D’YOUVILLE COLLEGE
PMD 604 - ANATOMY, PHYSIOLOGY, PATHOLOGY II
Lecture 13: Basic organization & synaptic function in nervous system
G & H chapter 45
1.
Body's Control Systems: nervous & endocrine systems; collaborate in
numerous functions; nervous system is most often rapid, short-term responses, while
endocrine is most often slower, more enduring responses
2.
Nervous System:
• anatomical organization of nervous system:
- central nervous system – CNS (brain & spinal cord) (ppt. 1) contains
billions of neurons
- brain includes cerebrum, diencephalon, midbrain, pons, medulla &
cerebellum (ppt. 2)
- produces 12 pairs of cranial nerves (nn.)

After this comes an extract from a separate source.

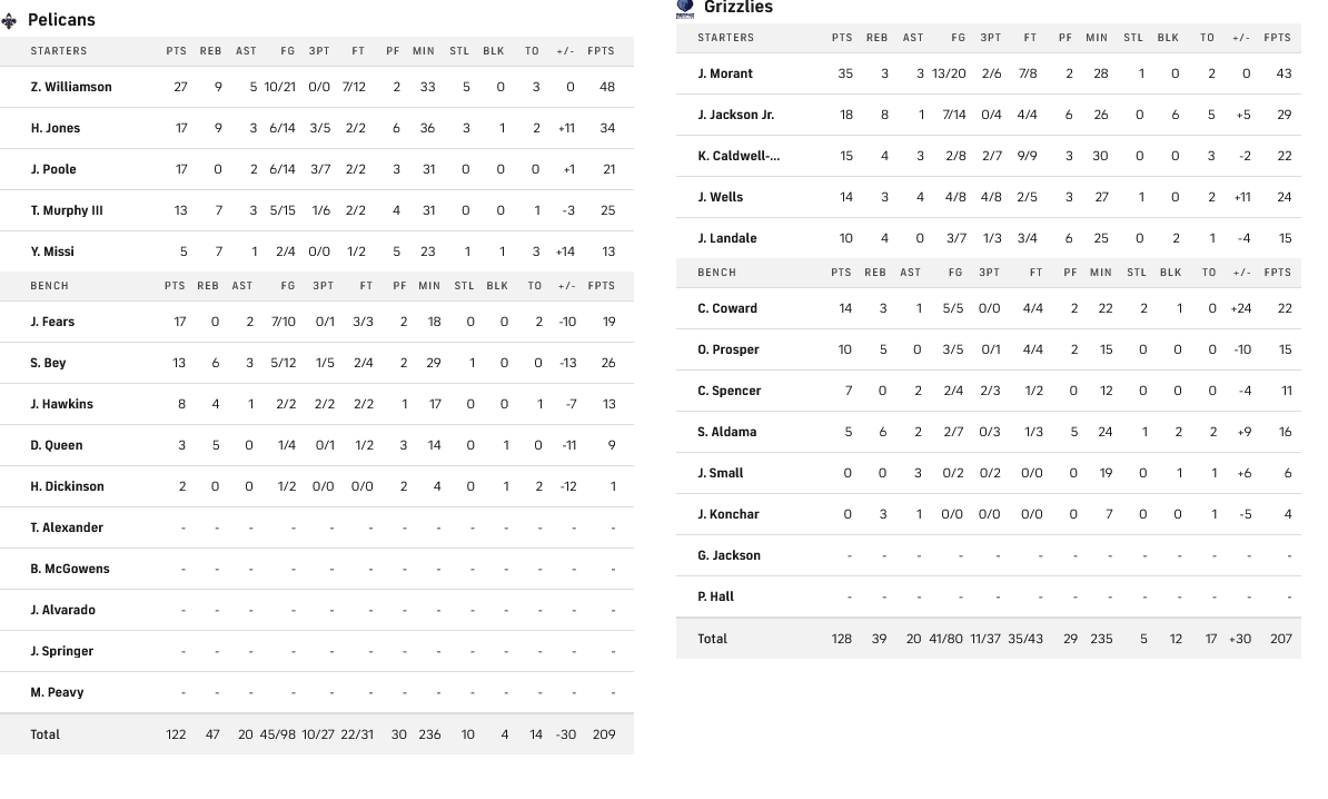 Με τον Μοράντ να σταματά στους 35 πόντους, οι Γκρίζλις λύγισαν με 128-122 τους Πέλικανς. Ο Τζάκσον ακολούθησε με 18 πόντους και οκτώ ριμπάουντ, ενώ για την Νέα Ορλεάνη, ο Ζάιον Γουίλιαμσον είχε 27 πόντους και εννέα ριμπάουντ.
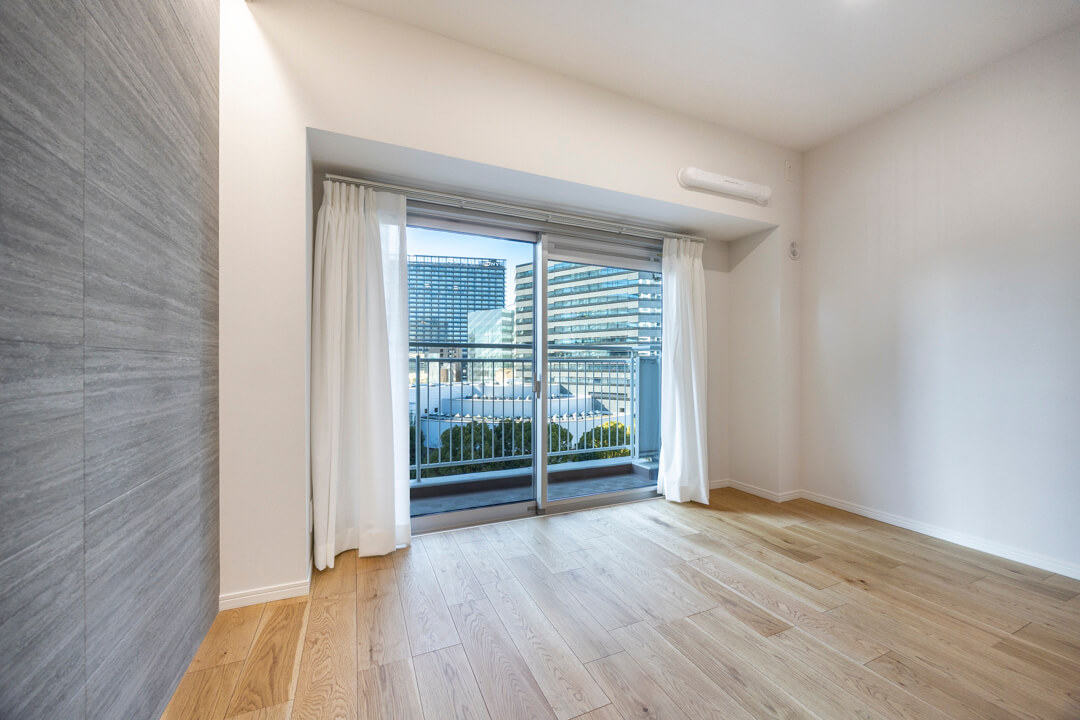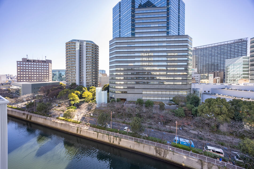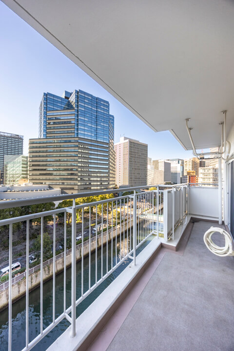 LDKと洋室3に跨るバルコニーは7.68㎡。9階南西向きにつき、日当たりと眺望に恵まれています。澄んだ青空と目黒川を望む、開放感あふれるリバービューが広がり、季節の移ろいを身近に感じることができます。春には桜並木が彩りを添え、窓辺からの景色にも趣をもたらします。室外機は天吊り設置が可能で、バルコニースペースを有効に使える点も魅力です。

- spinal cord extends from skull through cervical, thoracic, lumbar & sacral
regions & produces 31 pairs of spinal nn.
- organized into grey matter (site of neuron cell bodies & synapses) and
white matter (nerve tracts) (ppts. 3 & 4)
- peripheral nervous system – PNS (spinal & cranial nerves & ganglia);
includes sensory (afferent) fibers & motor (efferent) fibers (ppts. 5 - 7)
• neurons: (fig. 45 - 1 & ppts. 8 & 9)
- cell body (soma) - metabolic center; many fibrous processes arise from
soma
- numerous dendrites (receptors of synaptic connections – from hundreds to
hundreds of thousands of other neurons)
- single axon (transmitting process that may have few to many branches,
leading to separate destinations
- because of the property of synaptic connections, transmission is normally oneway, from axon of input cell to dendrites (&/or soma) of output cell
• functional patterns:
- somatosensory axis (fig. 45 - 2 & ppt. 10) - sensory receptors respond to
stimuli, pass signals to spinal cord (spinal nn.) or brain (cranial nn.)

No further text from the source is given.